The Trump Administration’s layoffs of some federal government workers are clearly shown in the estimate of total federal employment for October, when many federal government employees exhausted their severance pay. (The BLS notes that: “Employees on paid leave or receiving ongoing severance pay are counted as employed in the establishment survey.”) As the following figure shows, there was a decline federal government employment of 166,000 in October, with additional declines in the following three months. The total decline in federal government employment since the beginning of February 2025 is 324,000.

The establishment survey also includes data on average hourly earnings (AHE). As we noted in this post, many economists and policymakers believe the employment cost index (ECI) is a better measure of wage pressures in the economy than is the AHE. The AHE does have the important advantage of being available monthly, whereas the ECI is only available quarterly. The following figure shows the percentage change in the AHE from the same month in the previous year. The AHE increased 3.7 percent in January, the same as in December.

The following figure shows wage inflation calculated by compounding the current month’s rate over an entire year. (The figure above shows what is sometimes called 12-month wage inflation, whereas this figure shows 1-month wage inflation.) One-month wage inflation is much more volatile than 12-month wage inflation—note the very large swings in 1-month wage inflation in April and May 2020 during the business closures caused by the Covid pandemic. In January, the 1-month rate of wage inflation was 5.0 percent, up from 0.7 percent in December. This increase in wage growth may be an indication of a strengthening labor market. But one month’s data from such a volatile series may not accurately reflect longer-run trends in wage inflation.

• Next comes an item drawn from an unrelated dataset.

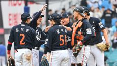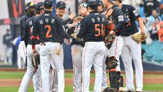 [사진] 짜릿한 역전 승리 기쁨 나누는 한화 선수들
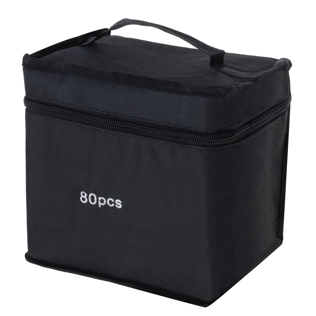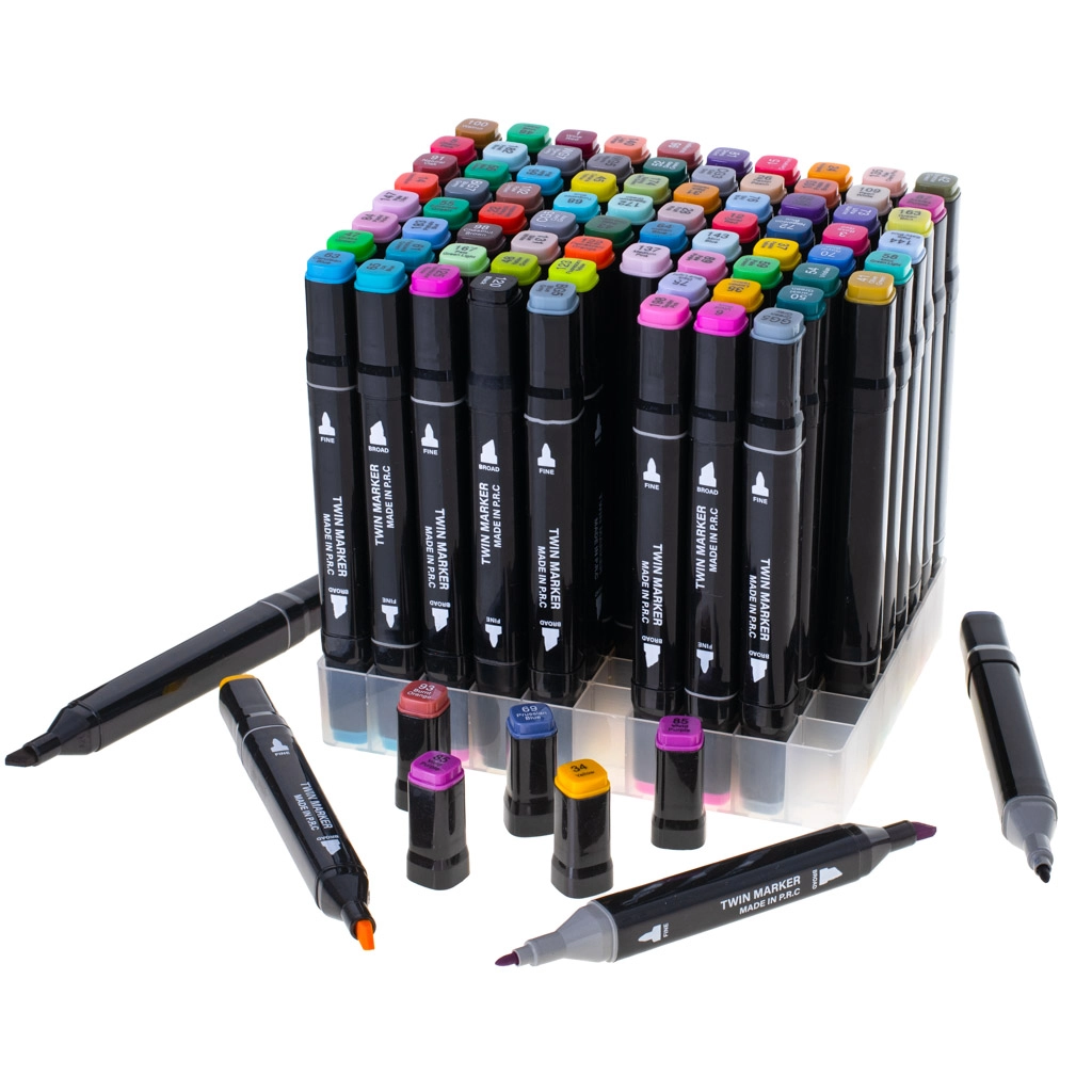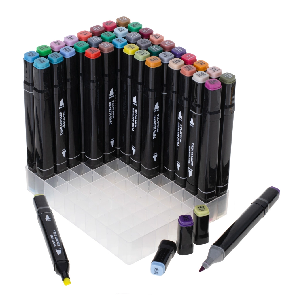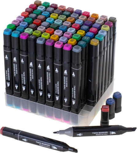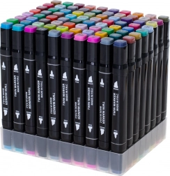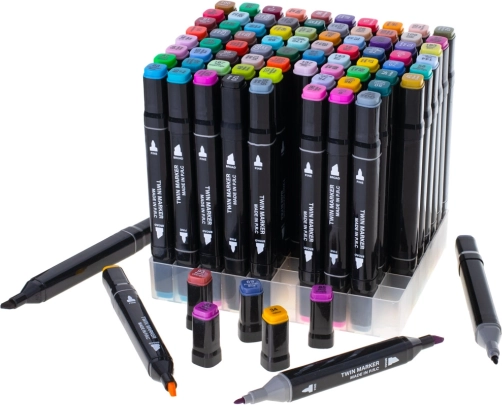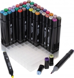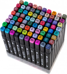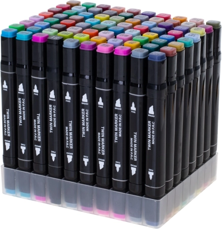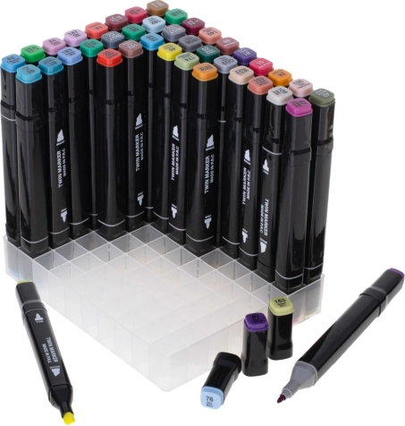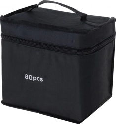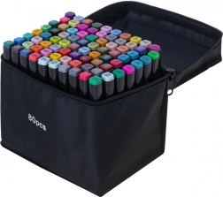 Praktično plastično stojalo ohranja flomastre pregledno razvrščene, tekstilni etui z zadrgo jih ščiti in olajša prenašanje.

In today’s jobs report, the BLS also included its final annual benchmark revision to the establishment employment data. (We discussed the preliminary annual revision in this blog post last September.) The following table from the jobs report indicates that the revision was quite substantial. The revised estimate of payroll employment is 1,029,000 jobs lower than the original estimate. The increase in total nonfarm employment in 2025 was revised down to only 181,000 from the original estimate of 584,000. Leaving aside the collapse in employment in 2020 during the Covid pandemic, job growth in 2025 was the slowest since 2010 in the immediate aftermath of the Great Recession of 2007–2009.

Despite the large downward revision to job growth in 2025, the strong job growth for January in today’s jobs report makes it unlikely that the Federal Reserve’s policymaking Federal Open Market Committee (FOMC) will lower its target for the federal funds rate at its next meeting on March 17–18. The probability that investors in the federal funds futures market assign to the FOMC keeping its target rate unchanged at that meeting jumped from 79.9 percent yesterday to 92.1 percent after the release of today’s jobs report.